### Extracted records
___

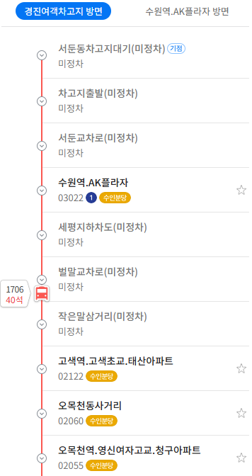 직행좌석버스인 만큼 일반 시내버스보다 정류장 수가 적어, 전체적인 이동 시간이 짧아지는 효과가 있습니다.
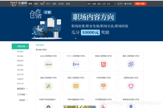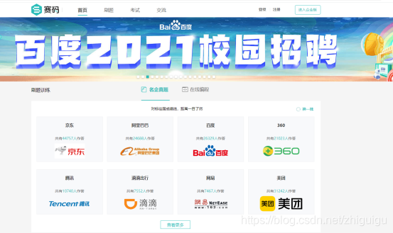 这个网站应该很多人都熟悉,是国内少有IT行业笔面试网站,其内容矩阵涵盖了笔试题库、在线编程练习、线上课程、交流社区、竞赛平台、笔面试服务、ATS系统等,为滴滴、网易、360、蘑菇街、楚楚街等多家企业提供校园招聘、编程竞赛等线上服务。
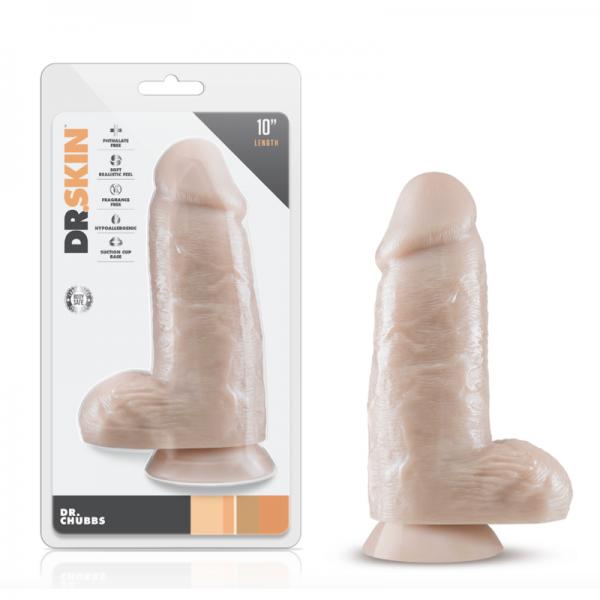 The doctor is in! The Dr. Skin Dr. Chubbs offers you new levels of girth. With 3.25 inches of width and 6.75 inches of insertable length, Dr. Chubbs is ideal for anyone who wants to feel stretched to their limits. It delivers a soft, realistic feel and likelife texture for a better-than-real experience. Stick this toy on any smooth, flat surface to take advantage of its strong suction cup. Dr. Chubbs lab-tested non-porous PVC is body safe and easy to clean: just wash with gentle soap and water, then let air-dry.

___

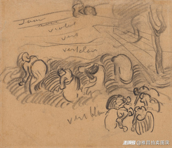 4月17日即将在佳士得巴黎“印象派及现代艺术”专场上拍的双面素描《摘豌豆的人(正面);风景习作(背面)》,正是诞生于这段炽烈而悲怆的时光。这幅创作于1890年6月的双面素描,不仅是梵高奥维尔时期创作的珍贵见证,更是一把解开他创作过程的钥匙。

___

### Exercise
Transcribe, word for word, the stretch of lines in the data above from the one with "직행좌석버스인 만큼 일반" through the one with "The doctor is"; omit all pictures.

### Task output
 직행좌석버스인 만큼 일반 시내버스보다 정류장 수가 적어, 전체적인 이동 시간이 짧아지는 효과가 있습니다.
 这个网站应该很多人都熟悉,是国内少有IT行业笔面试网站,其内容矩阵涵盖了笔试题库、在线编程练习、线上课程、交流社区、竞赛平台、笔面试服务、ATS系统等,为滴滴、网易、360、蘑菇街、楚楚街等多家企业提供校园招聘、编程竞赛等线上服务。
 The doctor is in! The Dr. Skin Dr. Chubbs offers you new levels of girth. With 3.25 inches of width and 6.75 inches of insertable length, Dr. Chubbs is ideal for anyone who wants to feel stretched to their limits. It delivers a soft, realistic feel and likelife texture for a better-than-real experience. Stick this toy on any smooth, flat surface to take advantage of its strong suction cup. Dr. Chubbs lab-tested non-porous PVC is body safe and easy to clean: just wash with gentle soap and water, then let air-dry.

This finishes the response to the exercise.